# Gentoo on Dell Inspiron Mini 10v?

## t3k0

Hi.

I'm planning to buy a netbook and wanted to ask you about your experiences running Gentoo on it.

In the internet I found the Dell Inspiron Mini 10v. It has an Intel Atom N270 processor, an Intel Graphic Media Accelerator 950, and 1GB RAM.

What performance can I expect with this netbook? Are videos (non-HD), flashvideos, old games (quake3) running fluently? What about compile times to build the systems? Are they acceptable?

I don't expect high-end games to run. My main applications are office, internet/email, (flash-)videos. Is the hardware sufficient?

Please tell me about your experiences.

Regards

t3k0

----------

## markisthejob

My last computer had an older intel card than that and 512 ram and went with no problems for me.No video problems and KDE's desktop effects ran smoothly.Saying that, I do notice compile times are faster on my new pc.

----------

## t3k0

What processor did you use? The Intel Atom N270 doesn't seem to be the fastest.

I read in a lot of forums about people having problems with youtube-videos. But I didn't find out whether these people had a bad setup or whether the combination of N270 + GMA 950 is too slow.

What experiences did Asus eee 1000 users make? It should be the same hardware.

----------

## markisthejob

It was a pentium 4.I dont remember the spec.Sorry I have no experience running gentoo with the atom processor.

----------

## pigeon768

I have an eeepc with a n270, using it right now in fact, with kde4. Runs fine. Compiles slow, of course, but it's fine for kde4 and firefox and 2d games.
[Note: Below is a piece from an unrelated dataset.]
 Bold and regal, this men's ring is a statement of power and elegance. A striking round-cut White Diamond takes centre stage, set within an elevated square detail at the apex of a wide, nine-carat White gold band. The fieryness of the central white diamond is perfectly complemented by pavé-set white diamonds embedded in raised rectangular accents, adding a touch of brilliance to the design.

I've upgraded  to 2g of RAM, but  the CPU is fine.

----------

## uhai

I'm planning to buy a Mini 10v too. But I'm not sure about the harddisk. 

Is the 160 GB S-ATA or the 16 GB SSD the better choice? 16 GB seems to be small...

What do you think?

uhai

----------

## eccerr0r

I have an eeePC with an n270 (900A).  At first I had it running at half speed, and a lot of things were really of anemic.  Running at full 1.6GHz speed it's comparable to a P3-1.3GHz.  Still takes a while to compile but I found that most CNN videos play almost fine, and many youtube videos play just fine.
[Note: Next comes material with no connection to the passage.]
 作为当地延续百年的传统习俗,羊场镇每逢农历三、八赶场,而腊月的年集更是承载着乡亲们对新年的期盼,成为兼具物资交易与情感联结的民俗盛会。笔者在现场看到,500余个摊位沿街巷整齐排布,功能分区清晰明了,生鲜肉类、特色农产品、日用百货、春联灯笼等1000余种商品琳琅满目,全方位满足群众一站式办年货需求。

I was trying to run WoW through WiFi NFS.  It did not run very well at all.  This could have also been at half speed, but I don't think it mattered that much.

I have the 4G disk.  I don't store any data on my eee, so it's fine.  However if you want to emerge and self-host Gentoo, 4GB is way too little I think, probably better off with a normal disk.  I'm currently running eeebuntu on it, as I would rather it self-host updates, which is kind of impossible with a 4G disk with portage the way it is (I wish it were possible for portage to have a compressed binary archive overlay mode so there's one file that contains all of the ebuilds in it, instead of distributing amongst a zillion files...)

----------

## cach0rr0

 *uhai wrote:*   

> 16 GB seems to be small...
> 
> 

 

It is for most systems, but consider the purpose of a netbook - it is not media storage. 

I can only speak on personal preference here, but I would opt for the 16GB SSD for the performance gain in disk I/O. 

If I need to bring heaps of storage along with me, I can use a USB external drive, or even an iPod, for storing my media. I know a lot of people use their 80GB ipods for storage - bring that along with you, use it for storage; it's small enough to be portable, but has plenty of storage space for a decent amount of media, as well it should mount just as a normal external hard drive would.

----------

## uhai

@cach0rr0:

Thanks for your post - I got the mini10v now with an 8 Gb stick as home. That's it, I can work everywhere. No trouble with storage.

uhai

----------